#### How to complete this task
Everything from the line with "Product Name: Priorix" to the line with "每个小时的整点,会根据势力的产量领取奖励,势力拥有的岛屿越多奖励越多。" in the listing below, both lines included, needs to be copied exactly, apart from the pictures.

------ Data

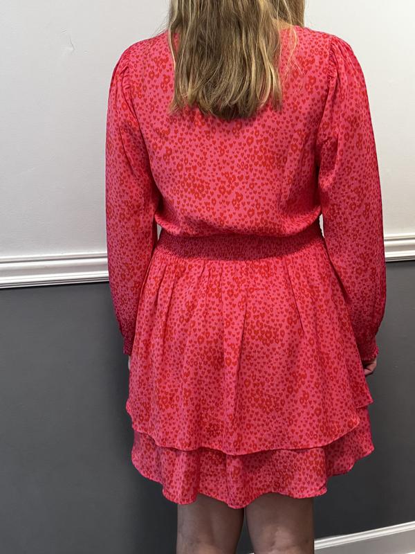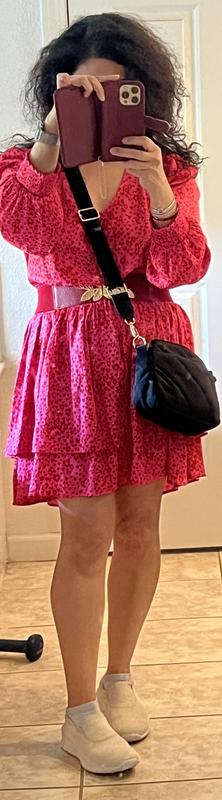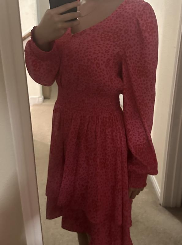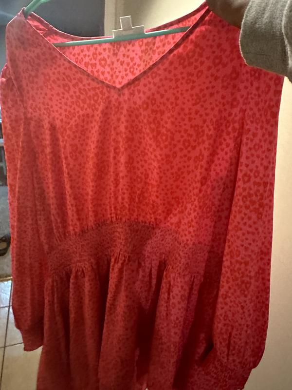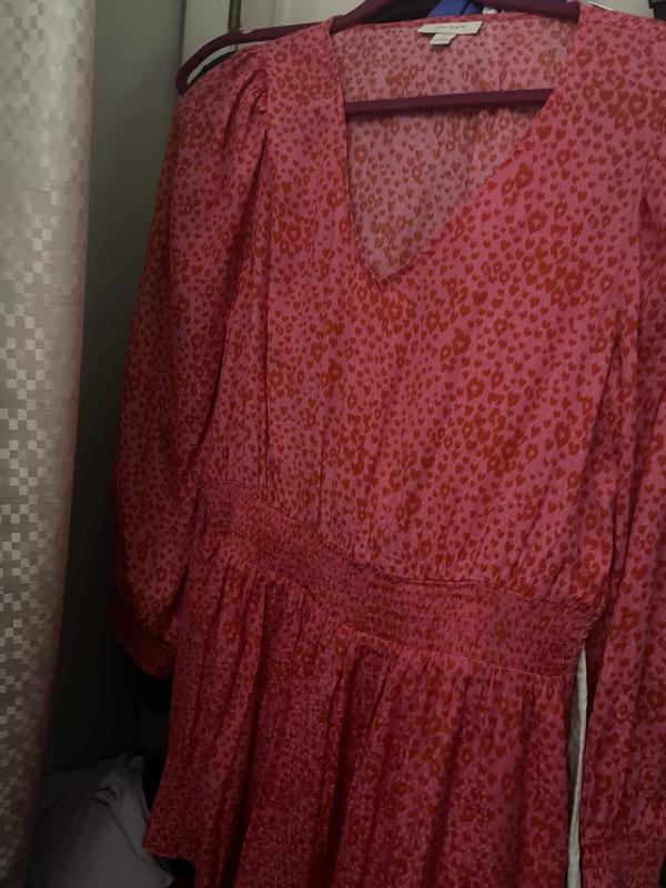 This dress is flattering, fits well, cute pattern, fun and great with a short pair of boots.
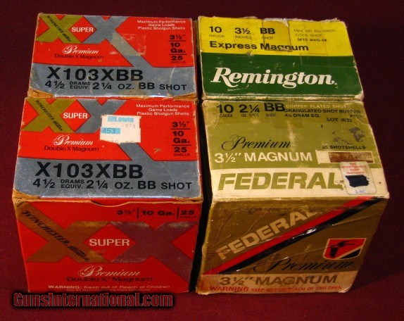 Description: Four full boxes factory new 10 Gauge Magnum 3 1/2" BB shotshells. The 3 boxes of premium ammo all have granular buffered shot. The box of Federal is also copper plated. None of this is steel shot. Price: $235.00 Buy Now Contact Seller |
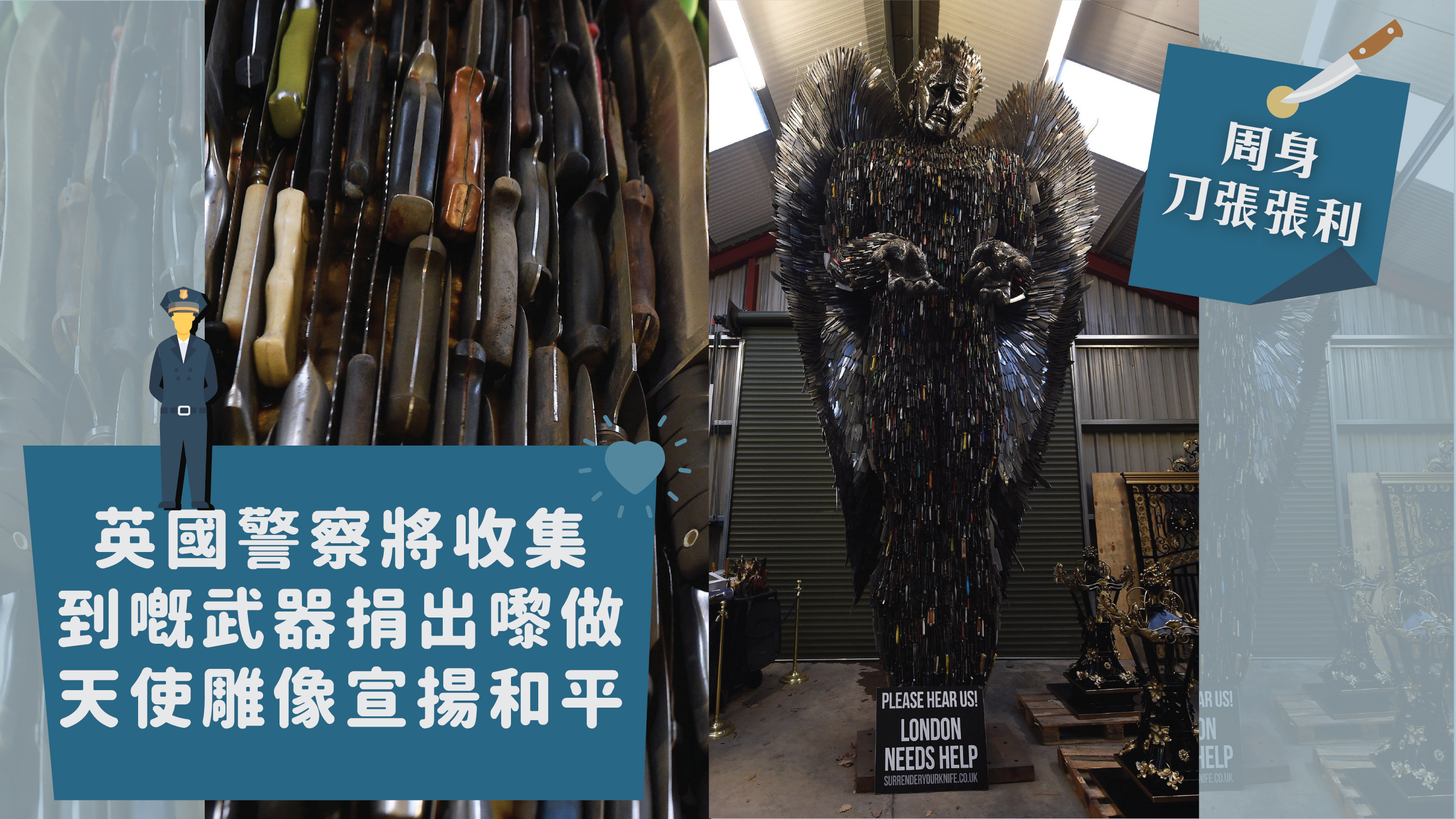 喺英國因為有畀犯人自行繳械嘅棄置箱,所以警察就收集咗好多冇需要留嚟做證據嘅刀嘞。但係佢哋冇掉啲刀,又冇拎去回收,反而選擇咗將呢啲刀送去另一個地方,賦予呢啲武器新嘅Meaning,就係交畀藝術家砌成一個天使雕像喇。
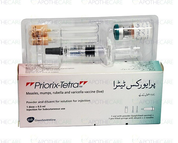 Product Name: Priorix Tetra Inj 1VialProduct Form: InjectionPack Size: 1VialMarketed By: GLAXOSMITHKLINE Generic Category: Vaccine Ingredients: Measles, Mumps, Rubella and Varicella Vaccine
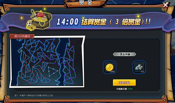 每个小时的整点,会根据势力的产量领取奖励,势力拥有的岛屿越多奖励越多。
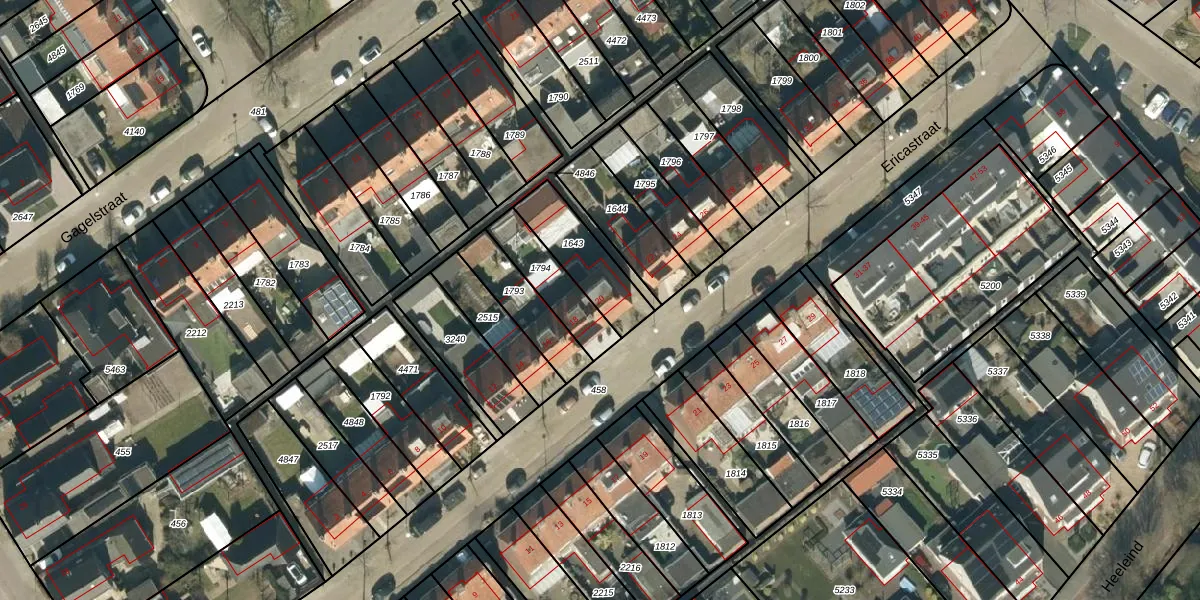 Gebruik de zoekbalk of klik op een perceel voor informatie over de adressen binnen dit perceel.
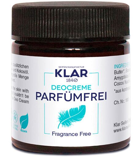La crema deodorante senza profumo di Klar è una protezione pura e affidabile contro i cattivi odori. Gli ingredienti naturali bicarbonato di sodio e zinco riducono la produzione di sudore, mentre il burro di karité, le mandorle e l'olio di cocco si prendono cura della pelle sotto le ascelle. Poiché la crema deodorante non contiene profumi, conservanti, siliconi, sali di alluminio, olio di palma o alcol, è adatta anche alle pelli particolarmente sensibili. senza sali di alluminiosenza profumonaturalmente forte con bicarbonato di sodio e zincodelicato sulla pelle con ingredienti nutrienti ULTERIORI INFORMAZIONI SUL PRODOTTO La nostra pelle ha sempre bisogno di un po' di tempo per abituarsi a un nuovo prodotto. Pertanto, poco dopo il passaggio a una crema deodorante senza alluminio, è possibile che si verifichi un aumento della sudorazione e dei cattivi odori. Tuttavia, questo fenomeno si attenua dopo qualche giorno di utilizzo. La crema deodorante può essere utilizzata direttamente dopo la rasatura. PROFUMO ED EFFETTO Profumo: neutro/senza profumo Effetto: nutriente, previene la sudorazione e gli odori ISTRUZIONI PER L'USO Applicare una quantità di crema deodorante della grandezza di un pisello sotto le ascelle appena lavate e strofinare. La crema deodorante di Klar protegge per tutto il giorno. Conservare la crema deodorante in un luogo fresco. ...
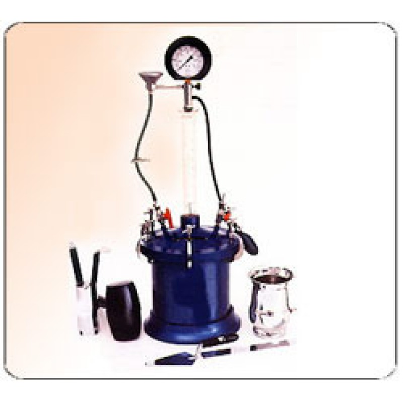 Entainment of a small amount of air in the cement concrete has been found to improve considerably the durability of concrete. The recommended limits specified for the air content are between 3% and 6.5%. Small percentages may result in deterioration taking place more quickly, and larger percentages may reduce the strength without any addition in the durability of concrete.It consists of a pressure-tight flanged cylindrical measuring bowl, fitted with a removable flanged and a conical cover assembly with a seal in between. The conical cover has an air valve and a pet cock for bleeding-off the water. A cylindrical stand pipe, which is graduated in percent air content, is fixed on the conical cover assembly. Each apparatus is supplied complete with a calibrating cylinder, pressure gauge, funnel, trowel and tamping bar
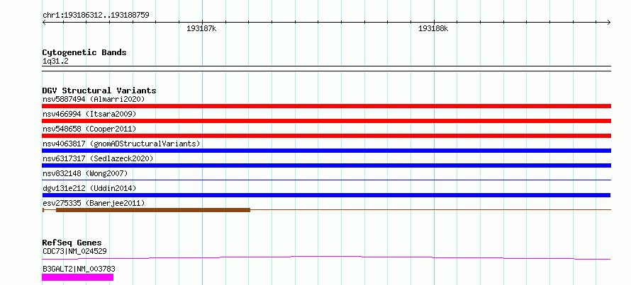 Variant DetailsVariant: dgv131e212| Internal ID | 22783058 | | Landmark | | | Location Information | | | Cytoband | 1q31.2 | | Allele length | | Assembly | Allele length | | hg38 | 2448 | | hg19 | 2448 |
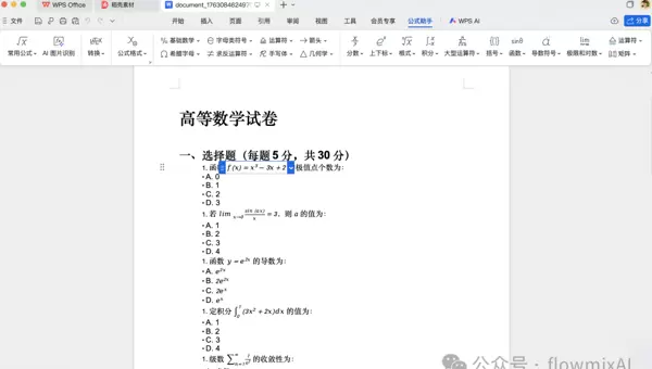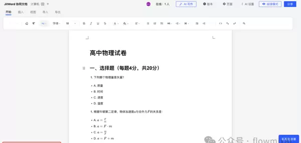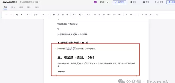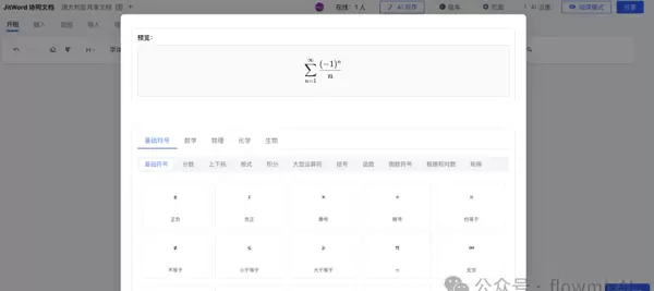 内置公式编辑器覆盖数学、物理、化学等多个专业领域,支持 AI 自动生成含公式的文档内容,并允许对已有公式进行二次编辑。

------------

#### Written reply
 Product Name: Priorix Tetra Inj 1VialProduct Form: InjectionPack Size: 1VialMarketed By: GLAXOSMITHKLINE Generic Category: Vaccine Ingredients: Measles, Mumps, Rubella and Varicella Vaccine
 每个小时的整点,会根据势力的产量领取奖励,势力拥有的岛屿越多奖励越多。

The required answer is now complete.